Description of the task
Your answer must be only the lines below from the one containing "Still Life with" through the one containing "(圖/本報(bào)記者 王錚 攝)", copied exactly, with the pictures left out.

Records for processing
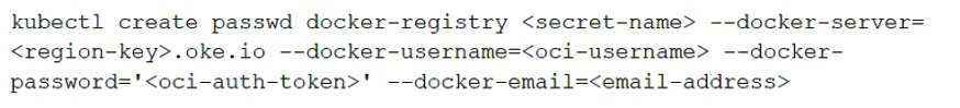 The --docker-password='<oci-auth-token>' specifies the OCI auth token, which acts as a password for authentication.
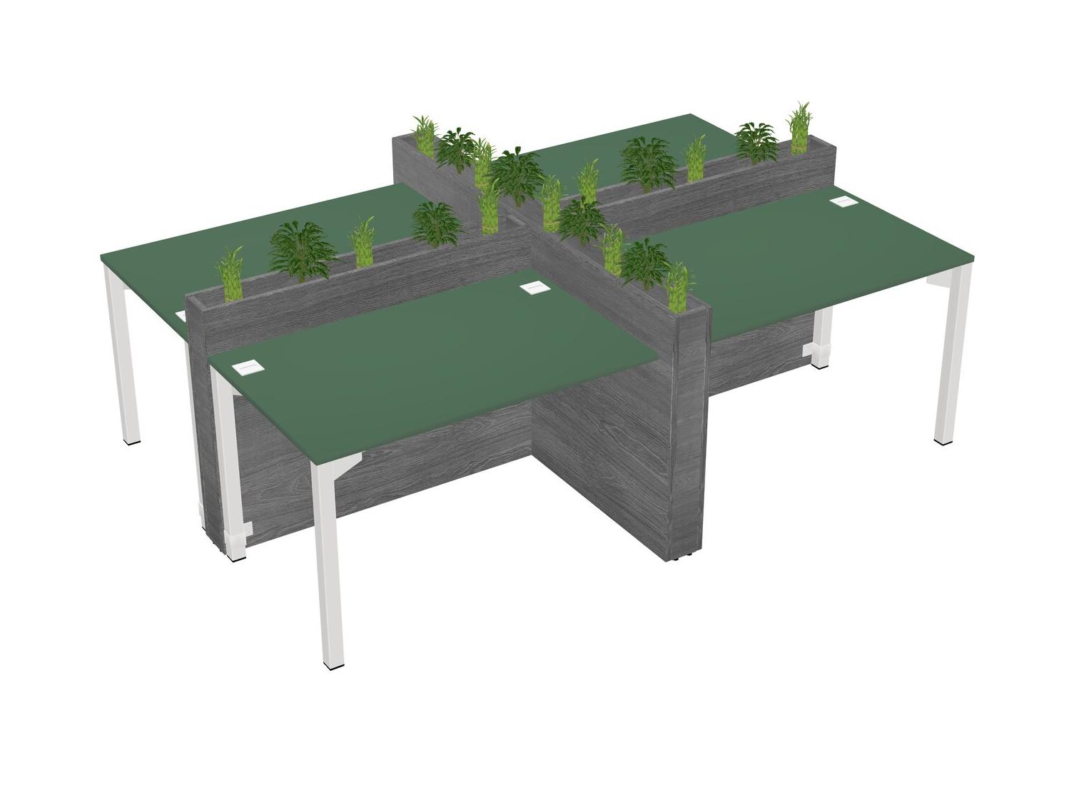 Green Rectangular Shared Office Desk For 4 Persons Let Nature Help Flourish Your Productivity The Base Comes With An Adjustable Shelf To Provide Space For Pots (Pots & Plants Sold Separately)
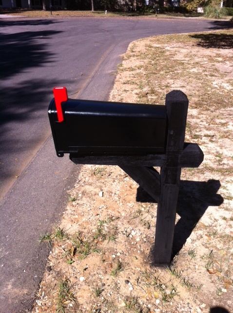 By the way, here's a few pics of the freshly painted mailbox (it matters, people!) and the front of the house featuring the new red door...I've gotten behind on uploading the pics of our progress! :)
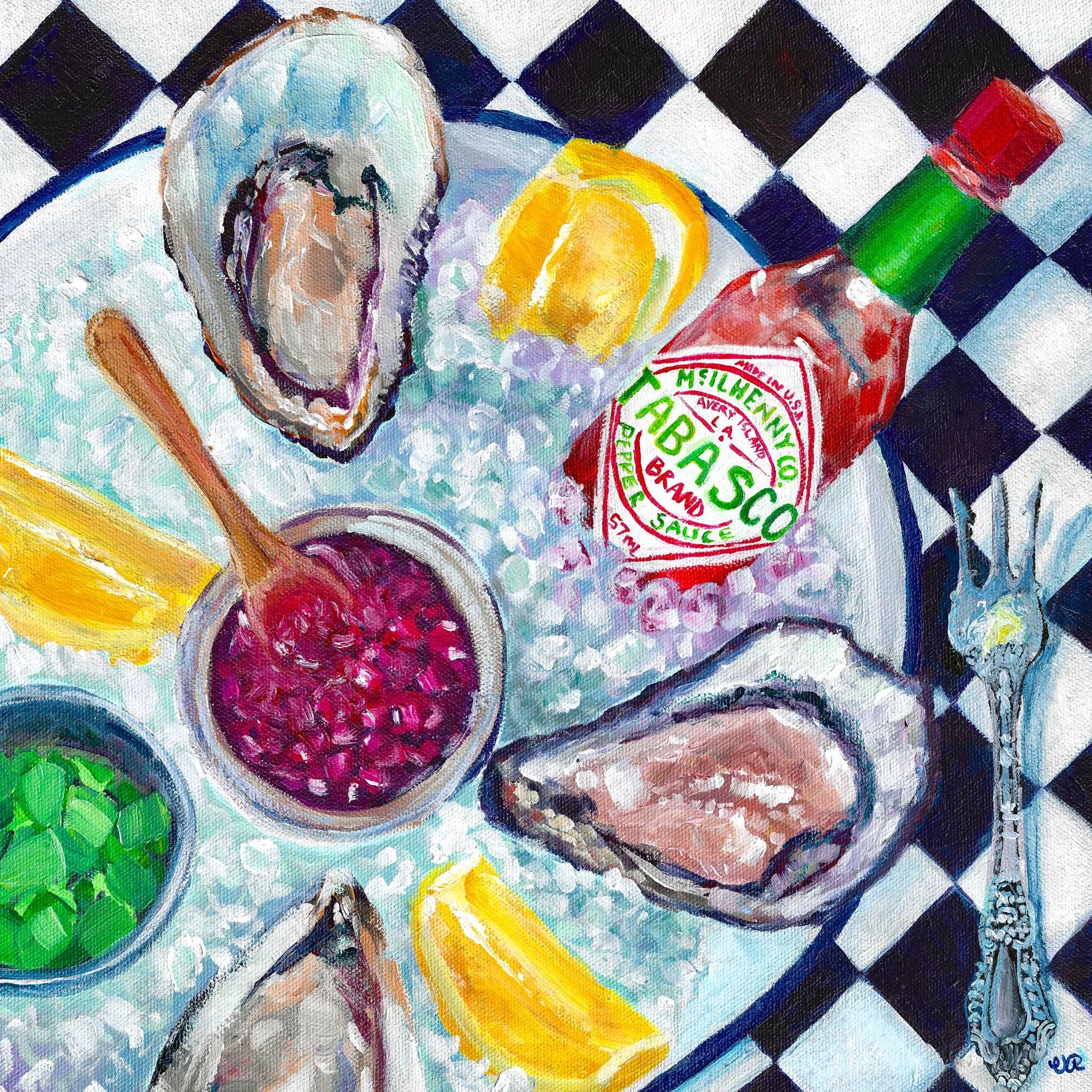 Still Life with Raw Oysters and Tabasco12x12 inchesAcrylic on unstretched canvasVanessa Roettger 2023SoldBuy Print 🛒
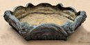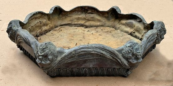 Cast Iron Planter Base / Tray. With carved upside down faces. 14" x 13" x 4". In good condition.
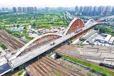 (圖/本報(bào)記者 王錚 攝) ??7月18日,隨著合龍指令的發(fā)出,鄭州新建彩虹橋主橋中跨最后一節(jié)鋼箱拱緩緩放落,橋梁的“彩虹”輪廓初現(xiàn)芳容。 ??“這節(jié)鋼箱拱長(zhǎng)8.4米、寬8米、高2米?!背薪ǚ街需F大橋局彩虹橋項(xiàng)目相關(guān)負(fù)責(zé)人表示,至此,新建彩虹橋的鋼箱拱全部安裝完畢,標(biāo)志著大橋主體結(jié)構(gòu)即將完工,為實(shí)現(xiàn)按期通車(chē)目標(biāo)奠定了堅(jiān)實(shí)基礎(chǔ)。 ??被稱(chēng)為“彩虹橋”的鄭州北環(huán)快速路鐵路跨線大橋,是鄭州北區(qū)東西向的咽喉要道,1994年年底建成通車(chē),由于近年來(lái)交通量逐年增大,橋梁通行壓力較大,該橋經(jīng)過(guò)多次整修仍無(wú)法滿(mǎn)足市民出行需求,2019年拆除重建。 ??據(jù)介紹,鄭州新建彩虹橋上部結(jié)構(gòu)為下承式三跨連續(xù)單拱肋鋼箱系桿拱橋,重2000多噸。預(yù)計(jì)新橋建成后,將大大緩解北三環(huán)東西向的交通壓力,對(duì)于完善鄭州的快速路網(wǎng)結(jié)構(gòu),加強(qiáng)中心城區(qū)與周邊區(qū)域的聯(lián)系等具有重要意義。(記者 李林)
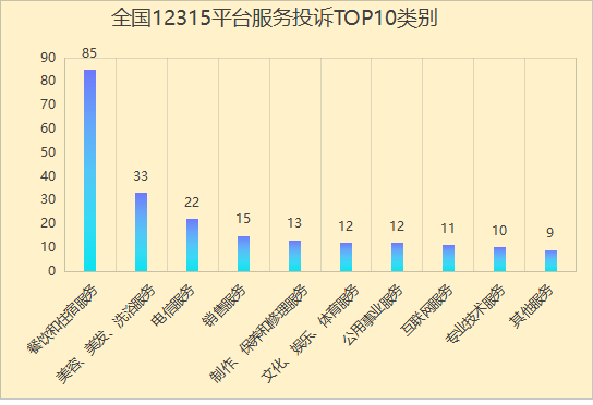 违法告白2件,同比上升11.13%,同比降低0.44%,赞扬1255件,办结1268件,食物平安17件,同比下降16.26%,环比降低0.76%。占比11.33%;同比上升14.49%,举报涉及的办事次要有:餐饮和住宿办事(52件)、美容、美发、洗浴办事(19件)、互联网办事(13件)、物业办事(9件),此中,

Answer to the problem
 Still Life with Raw Oysters and Tabasco12x12 inchesAcrylic on unstretched canvasVanessa Roettger 2023SoldBuy Print 🛒
 Cast Iron Planter Base / Tray. With carved upside down faces. 14" x 13" x 4". In good condition.
 (圖/本報(bào)記者 王錚 攝) ??7月18日,隨著合龍指令的發(fā)出,鄭州新建彩虹橋主橋中跨最后一節(jié)鋼箱拱緩緩放落,橋梁的“彩虹”輪廓初現(xiàn)芳容。 ??“這節(jié)鋼箱拱長(zhǎng)8.4米、寬8米、高2米?!背薪ǚ街需F大橋局彩虹橋項(xiàng)目相關(guān)負(fù)責(zé)人表示,至此,新建彩虹橋的鋼箱拱全部安裝完畢,標(biāo)志著大橋主體結(jié)構(gòu)即將完工,為實(shí)現(xiàn)按期通車(chē)目標(biāo)奠定了堅(jiān)實(shí)基礎(chǔ)。 ??被稱(chēng)為“彩虹橋”的鄭州北環(huán)快速路鐵路跨線大橋,是鄭州北區(qū)東西向的咽喉要道,1994年年底建成通車(chē),由于近年來(lái)交通量逐年增大,橋梁通行壓力較大,該橋經(jīng)過(guò)多次整修仍無(wú)法滿(mǎn)足市民出行需求,2019年拆除重建。 ??據(jù)介紹,鄭州新建彩虹橋上部結(jié)構(gòu)為下承式三跨連續(xù)單拱肋鋼箱系桿拱橋,重2000多噸。預(yù)計(jì)新橋建成后,將大大緩解北三環(huán)東西向的交通壓力,對(duì)于完善鄭州的快速路網(wǎng)結(jié)構(gòu),加強(qiáng)中心城區(qū)與周邊區(qū)域的聯(lián)系等具有重要意義。(記者 李林)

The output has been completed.